___

— Вот и думай — того и гляди война, а органы тебе докладывают — тут враги, и там враги. С документами, с признаниями, все как положено. А будет война — они все на ту сторону переметнутся, Троцкий — он до того нас ненавидел, что мог вместе с гитлеровцами в страну прийти… да и если бы просто советником у них стал — сильно хуже нам было бы. Немцы — они ведь агитационно проиграли сначала, агитация у них была топорная — Иван, сдавайся. Белые им помогли — ну так что с того белых ведь все ненавидели, мы когда офицерские погоны вводили, некоторые были против, думали, бунт будет. А если бы с немцами Троцкий был, а в Германии троцкистов полно было — сильно хуже нам пришлось бы. Ну и вот что ты будешь делать? Врага за спиной оставлять? Чтобы как в семнадцатом, посереди войны нам в спину ударили — революция и штыки в землю.

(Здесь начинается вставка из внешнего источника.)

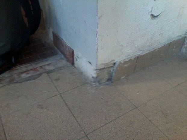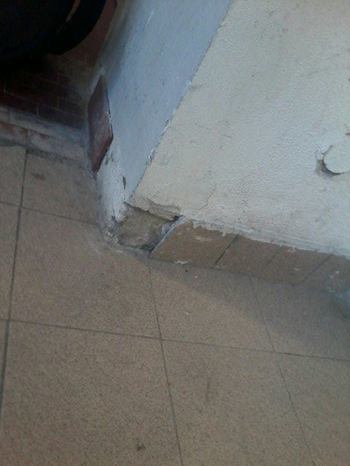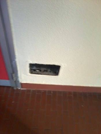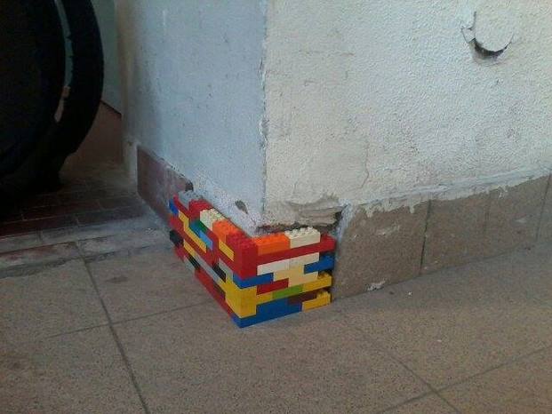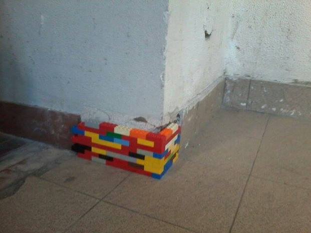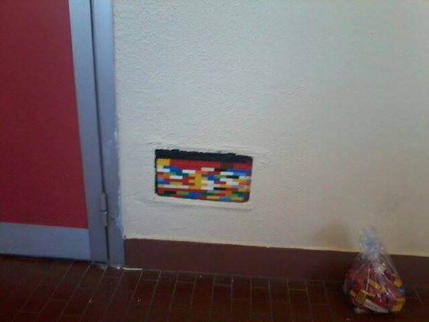 Con dei lego, riempi un buco in un muro pubblico.

— А проверить? Была же прокуратура…

— Проверяли — согласился Молотов — реабилитировали, и это было. Маленков первым спохватился, провели несколько постановлений[12]. Только потом, когда уже поздно было. А тут… войну ждали в тридцать восьмом, может в тридцать девятом… времени на проверки то не было. Надо было страну готовить к плохому. К совсем плохому. Оппозиции мы допустить не могли, иначе как в семнадцатом было бы. Иосиф то что было тогда на всю жизнь запомнил и я тоже. Допустить такое… Думаешь, мы не понимали, что у рабочего, у крестьянина отбираем последнее — мы, советская власть!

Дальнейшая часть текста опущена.